WHAT YOU NEED TO DO: Your answer should hold only the lines from the one containing "الفرق بين إدارة" through the last line below, copied exactly; pictures stay out.

Data records:
★ ★ ★ ★

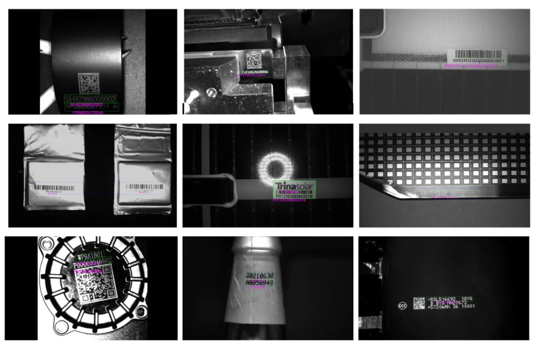 依托海量数据的深度训练,模型展现出卓越的字符特征提取、定位和识别能力,赋予读码器高度的适应性和泛化能力,使其能够灵活应对各种字体、字号的变化以及复杂背景图像的挑战,轻松读取模糊、脏污、变形、反光等各类异常条码,兼容中英文标点符号等7000多种字符,即使面对全新应用场景,也无需调整算法参数,仍然保持识别的精准度与稳定性。
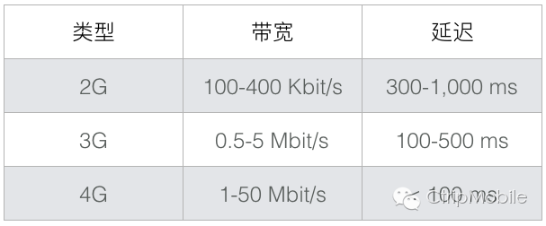 带宽和延迟是影响网络服务性能的两个因素,带宽受网络通道上最小带宽的网段限制,延迟是网络包在客户端和服务端之间的来回传输时长,不同网络类型上的带宽和延迟差别非常大(见下图)。
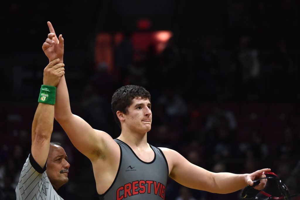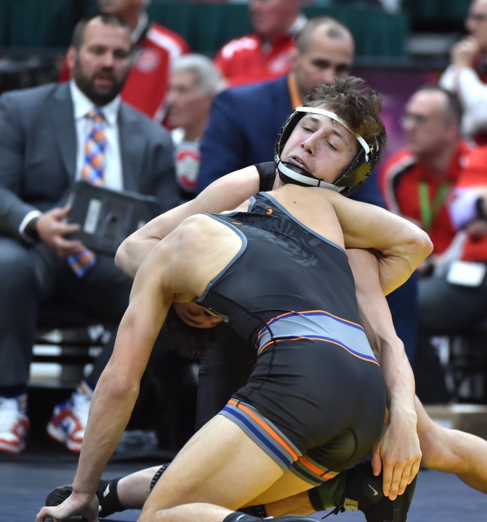 He need only 1:14 to dispatch Conneaut’s Scotty Edwards in the quarterfinals before sticking Dalton’s Cohen Riggenbach in the third period of Saturday evening’s semifinals, providing fans with one of the most memorable moments of the three-day spectacle.
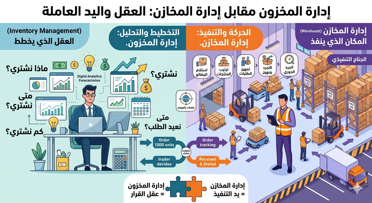 الفرق بين إدارة المخزون وإدارة المخازن | دليل شامل لفهم الفرق وأهميته في تحسين كفاءة الأعمال وسلاسل الإمداد
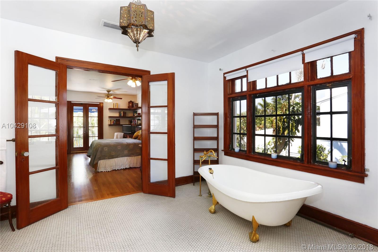 Timeless Mediterranean Villa with elegant Moroccan details on a corner half acre. Courtyard entry to the light filled sunroom with arched windows and fountain. Beautiful living room with high beamed ceilings, carved fireplace and adjoining dining room. Staircase with wood scrollwork leads you upstairs. Master suite with fireplace, wood floors, & private terrace with fountain overlooking the pool. Carriage house for guests nested among the award-winning Andalusian garden with pond, gazebo and fountain. Designed by acclaimed pioneering architect Martin Luther Hampton.
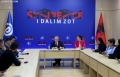 SALI BERISHA IN CONFERENCE WITH JOURNALISTS - Former Prime Minister Sali Berisha speaking in a conference with journalists at the democratic party headquarters. Berisha spoke about the belonging of the seat on Jean D'Arc Boulevard and the May 14 local elections.

★ ★ ★ ★

THE ANSWER:
 الفرق بين إدارة المخزون وإدارة المخازن | دليل شامل لفهم الفرق وأهميته في تحسين كفاءة الأعمال وسلاسل الإمداد
 Timeless Mediterranean Villa with elegant Moroccan details on a corner half acre. Courtyard entry to the light filled sunroom with arched windows and fountain. Beautiful living room with high beamed ceilings, carved fireplace and adjoining dining room. Staircase with wood scrollwork leads you upstairs. Master suite with fireplace, wood floors, & private terrace with fountain overlooking the pool. Carriage house for guests nested among the award-winning Andalusian garden with pond, gazebo and fountain. Designed by acclaimed pioneering architect Martin Luther Hampton.
 SALI BERISHA IN CONFERENCE WITH JOURNALISTS - Former Prime Minister Sali Berisha speaking in a conference with journalists at the democratic party headquarters. Berisha spoke about the belonging of the seat on Jean D'Arc Boulevard and the May 14 local elections.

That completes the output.